→ EXERCISE INPUTS
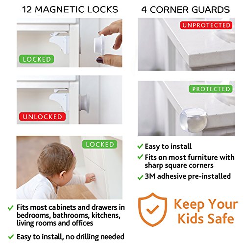 LAUNCH SALE - Was 27.75$, Now SPECIAL LAUNCH PRICE for a limited time - AMAZING VALUE - 41 piece set is perfect for childproofing in your kitchen or other areas of your home. Includes 12 magnetic locks and latches, 2 magnetic keys and docks, 9 replacement tapes and 4 corner guards.
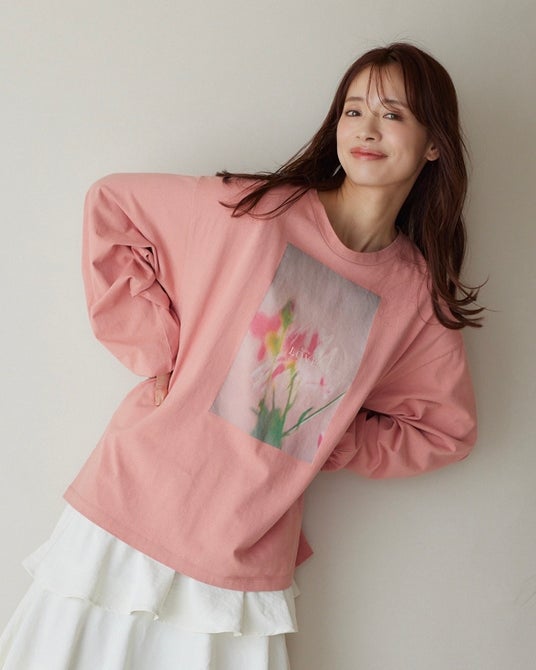 花盛さんが撮影した写真の上にメッセージを載せたオリジナルロンT。大きすぎない程よいゆとりシルエットに、長めの袖丈が抜け感のある一枚です。フロント、バックプリントの2パターン展開。
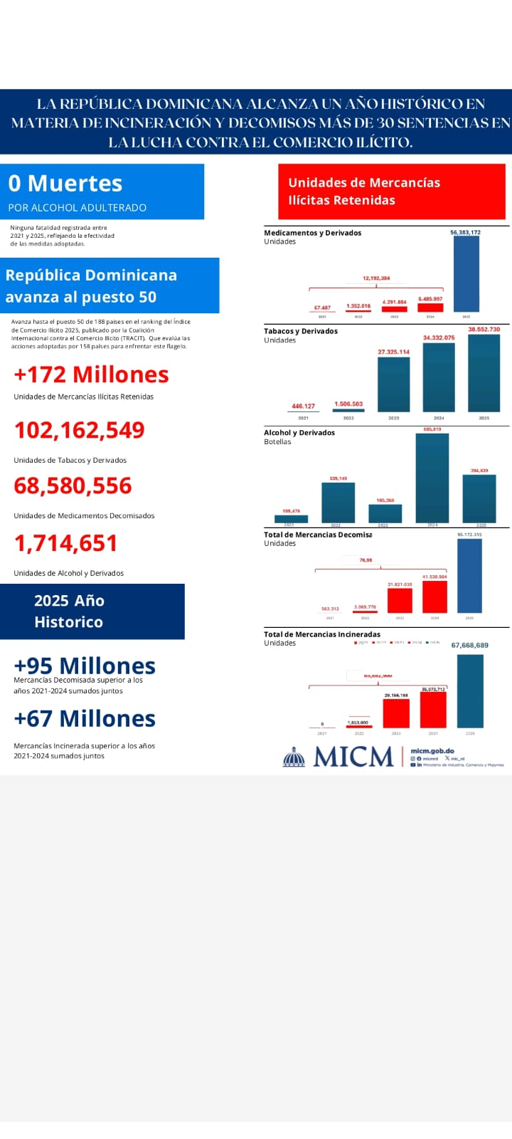 Las autoridades destacaron que estos resultados consolidan al 2025 como un año histórico en la lucha contra el comercio ilícito y reafirman el compromiso del Estado dominicano con la protección de la salud, la seguridad ciudadana, la competencia leal y el fortalecimiento de la economía formal.
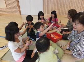 昔遊び交流会後には,給食を一緒に食べて楽しくお話をしました。
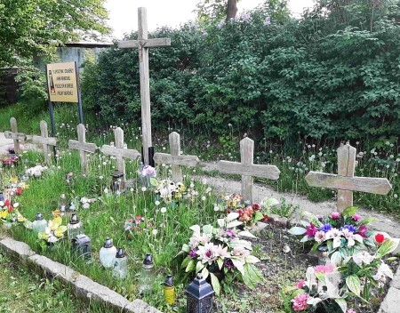 Kriegsgräberstätten des Ersten Weltkriegs auf dem städtischen Friedhof: Sieben Deutsche Kriegsgräber mit einzelnen Grabkreuzen und ein Massengrab für 40 unbekannte russische Soldaten mit einem großen orthodoxen Holzkreuz. Beide Stätten liegen getrennt, aber nahe beieinander.

→ DIRECTIONS
Exactly as written, repeat the lines of the material above from the first through the line holding "花盛さんが撮影した写真の上に", with both ends in the copy and no pictures.

→ TASK ANSWER
 LAUNCH SALE - Was 27.75$, Now SPECIAL LAUNCH PRICE for a limited time - AMAZING VALUE - 41 piece set is perfect for childproofing in your kitchen or other areas of your home. Includes 12 magnetic locks and latches, 2 magnetic keys and docks, 9 replacement tapes and 4 corner guards.
 花盛さんが撮影した写真の上にメッセージを載せたオリジナルロンT。大きすぎない程よいゆとりシルエットに、長めの袖丈が抜け感のある一枚です。フロント、バックプリントの2パターン展開。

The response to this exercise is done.